■ Problem statement
Reproduce exactly only the lines from the line that holds "This textured shacket" to the line that holds "由辅导员老师在10月中旬带领", inclusive, in the listing below, and please leave out every picture.

■ Input data
* * *

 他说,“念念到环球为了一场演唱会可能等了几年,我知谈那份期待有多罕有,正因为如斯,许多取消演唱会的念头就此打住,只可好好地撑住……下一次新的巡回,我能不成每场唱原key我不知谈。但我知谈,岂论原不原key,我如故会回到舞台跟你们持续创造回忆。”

* * *

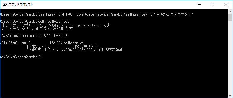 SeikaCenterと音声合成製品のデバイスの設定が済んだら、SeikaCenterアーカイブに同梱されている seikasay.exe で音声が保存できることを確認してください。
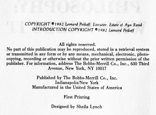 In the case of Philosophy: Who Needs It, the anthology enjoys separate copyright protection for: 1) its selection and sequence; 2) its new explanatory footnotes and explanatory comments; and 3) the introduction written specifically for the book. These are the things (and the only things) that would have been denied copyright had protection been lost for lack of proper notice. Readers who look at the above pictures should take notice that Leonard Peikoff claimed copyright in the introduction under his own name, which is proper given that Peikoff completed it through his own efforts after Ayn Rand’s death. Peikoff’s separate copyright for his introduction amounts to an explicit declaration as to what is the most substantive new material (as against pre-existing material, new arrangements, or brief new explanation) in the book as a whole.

* * *

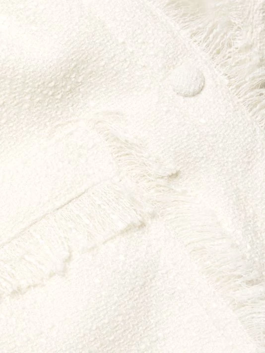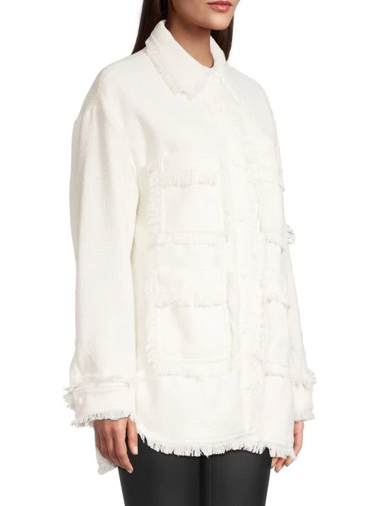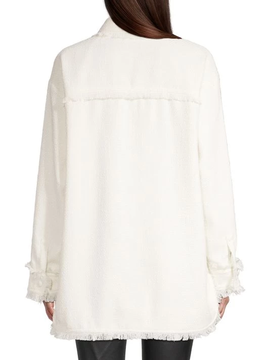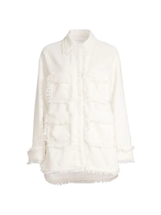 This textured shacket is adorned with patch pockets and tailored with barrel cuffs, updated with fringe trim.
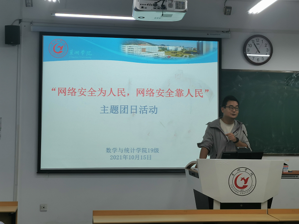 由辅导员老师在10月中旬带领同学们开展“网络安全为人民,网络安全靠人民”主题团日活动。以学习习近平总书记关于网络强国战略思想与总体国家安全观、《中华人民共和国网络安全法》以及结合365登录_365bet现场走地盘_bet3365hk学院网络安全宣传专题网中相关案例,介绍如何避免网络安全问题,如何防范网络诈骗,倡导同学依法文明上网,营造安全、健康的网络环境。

* * *

■ Written reply
 This textured shacket is adorned with patch pockets and tailored with barrel cuffs, updated with fringe trim.
 由辅导员老师在10月中旬带领同学们开展“网络安全为人民,网络安全靠人民”主题团日活动。以学习习近平总书记关于网络强国战略思想与总体国家安全观、《中华人民共和国网络安全法》以及结合365登录_365bet现场走地盘_bet3365hk学院网络安全宣传专题网中相关案例,介绍如何避免网络安全问题,如何防范网络诈骗,倡导同学依法文明上网,营造安全、健康的网络环境。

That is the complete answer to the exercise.